Galley Gossip: The Gift of Fear (on and off the airplane)

Out of nowhere you feel it – fear. You’re not sure why you feel it, and because it doesn’t make sense, at least not yet, you choose to ignore it. Perhaps you just don’t want to be rude or look stupid in an effort to avoid whatever it is you can’t quite grasp that is scaring you. Well I’m here to tell you there could be a very good reason you’re afraid, and it doesn’t always have to make sense and it’s okay to look stupid or act rude, even if you are a woman. Better safe than sorry, I say.

Two years after I first started flying in 1995, the airline I work for sent out a newsletter with a little blurb about an interesting sounding book called The Gift of Fear, by Gavin De Becker. I bought the book and several years later it’s still one of my favorites. De Becker discusses what it means to be fearful and how that fear is truly a gift. If you trust it. Some people call it a sixth sense. Whatever it is; a shiver down your spine, hair standing up on the back of your neck, a lump at the bottom of your stomach, something has alerted your senses. You shouldn’t ignore it. That fear could very well save your life.

One of the first stories Gavin shares is about a pilot who enters a convenience store and then immediately walks right back out because his sixth sense told him to leave. The pilot had no idea the store was being robbed, but when De Becker asked the pilot why exactly he left, the pilot said he couldn’t quite put his finger on it. De Gavin pressed the pilot for more details, and soon the pilot realized what really triggered his reaction; a man wearing a winter coat in the middle of summer, customers all turning to stare at him when he walked through the door. All these clues came at the pilot so quickly, he couldn’t make sense of why he felt the way he felt, but he trusted his gut and got out there quickly.

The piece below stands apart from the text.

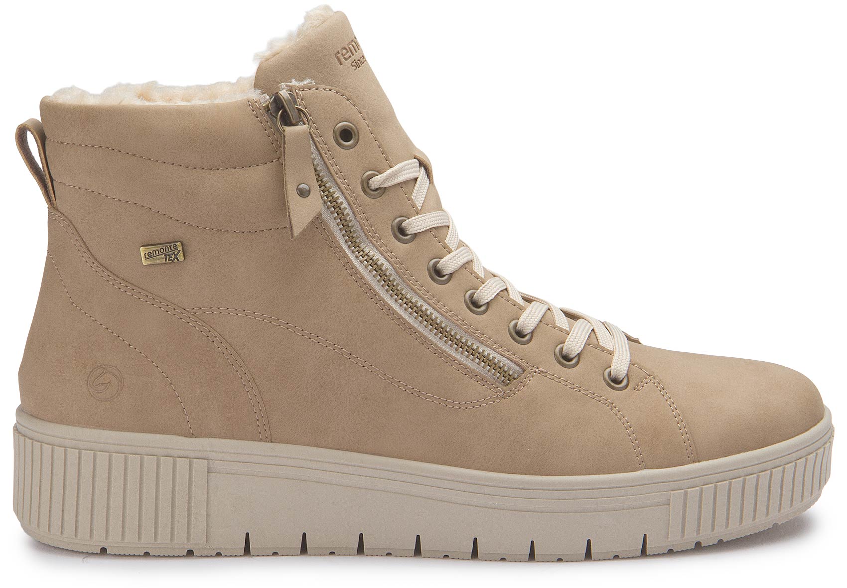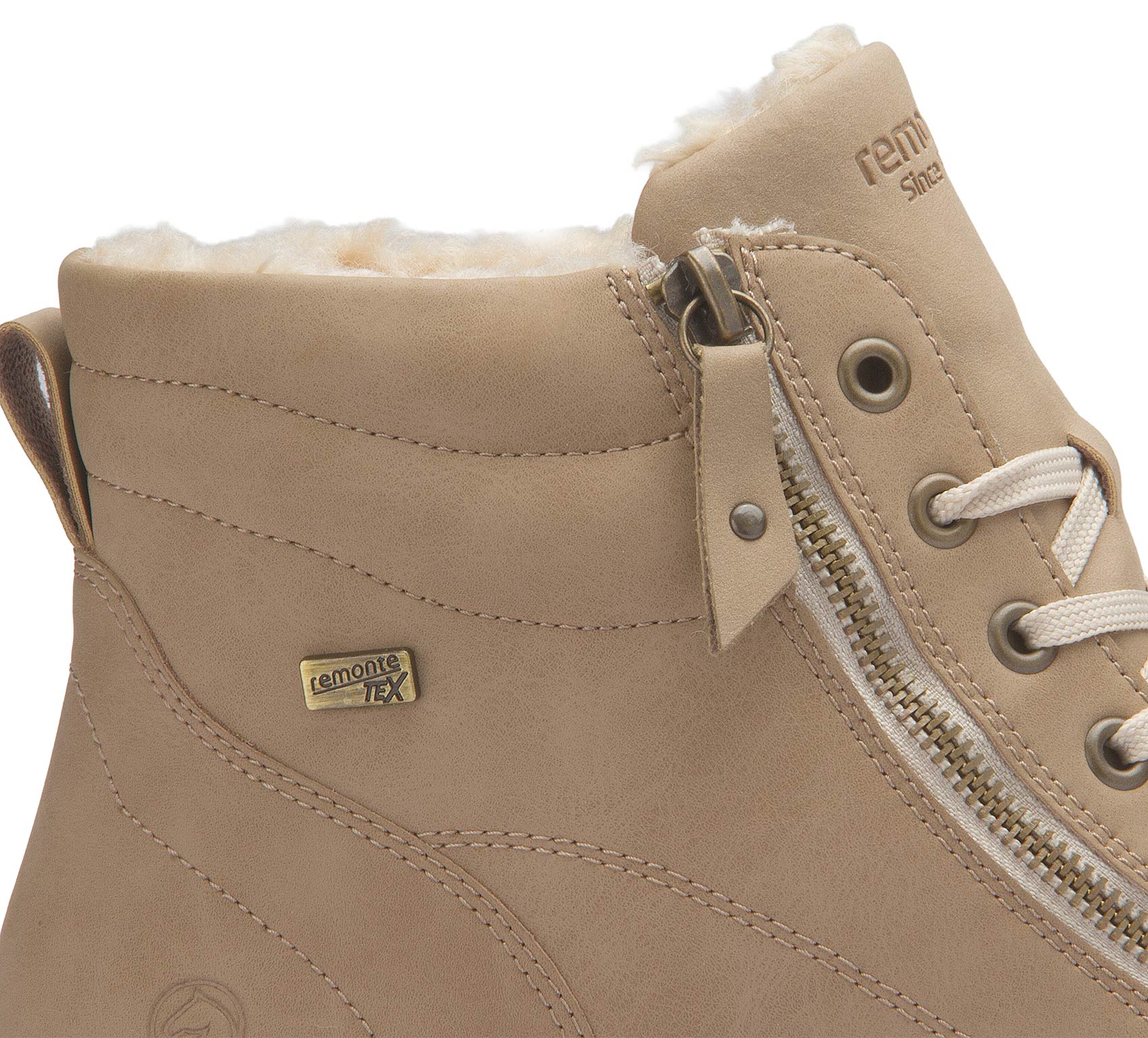 Cool style with maximum comfort! These super comfortable remonte ankle boots made of suede in beige are an absolute highlight this winter. The clever combination of lacing and zipper guarantees a perfect fit and ideal support. The grippy and lightweight sole, together with the padded and removable insole, ensures pleasantly cushioned steps. Thanks to the comfort width, there is plenty of room in the forefoot area. The fluffy warm lining provides long-lasting protection against the cold and the water-repellent upper material protects against moisture and wind. Comfort meets style!
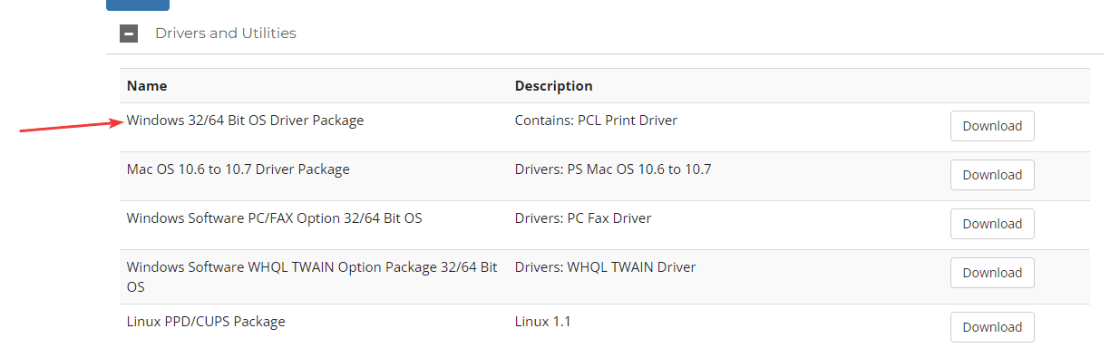 3. In the list below look for “Windows 32/64 Bit OS Driver Package” and click the “Download” button.

So why did the cop who walked into the very same convenience store seconds later not feel the same way the pilot did? Because when the customers in the store spotted the cop, relief swept over them, replacing fear, which may have been why the cop did not pick up on what was going on quickly enough to prevent him from getting shot.

Remember Richard Reid, the shoe bomber? At flight attendant recurrent training we learned there was something about the man that made each flight attendant on his flight take note of him right away. For some reason those flight attendants got an uneasy feeling the minute he walked onto the airplane. But no one said a word to each other. At least not until the ordeal was over. If you feel a little uneasy about a certain situation, tell someone. If someone tells you they feel a little weird about a certain situation, listen. I know I do.

Fear on the airplane: A few years ago a passenger on one of my flights from New York to Los Angeles caught my eye. Constantly he kept getting up to use the bathroom, and once behind the locked lavatory door he stayed there for an unusually long amount of time. When I tried to address him as he passed me by to get to his seat, he ignored me – several times.

“There’s a passenger making me a little nervous,” I told a fellow coworker. We were just about to begin the first beverage service.

“The one wearing a black polo shirt and dark sunglasses sitting in a middle seat near the front of the cabin who keeps getting up to use the lavatory?” my coworker asked, nonchalantly rearranging the napkins, stir sticks, and sugar.

Two hundred passengers aboard our flight that day and my coworker knew exactly who I’d been talking about. Coincidence? Maybe. Then again, maybe not. Because right after the passenger wearing the polo shirt returned to his seat, another passenger came running, literally running, down the aisle to the back of the aircraft.

“I’m sitting next to this guy and I can’t explain it, but he’s scaring me!” a young woman cried, literally, she was crying.

I handed her a Kleenex, assuring her I knew exactly who she spoke of and that we, the crew, were not only watching him, but we had already informed the cockpit who had contacted the ground. As soon as the words were out of my mouth another passenger walked into the galley.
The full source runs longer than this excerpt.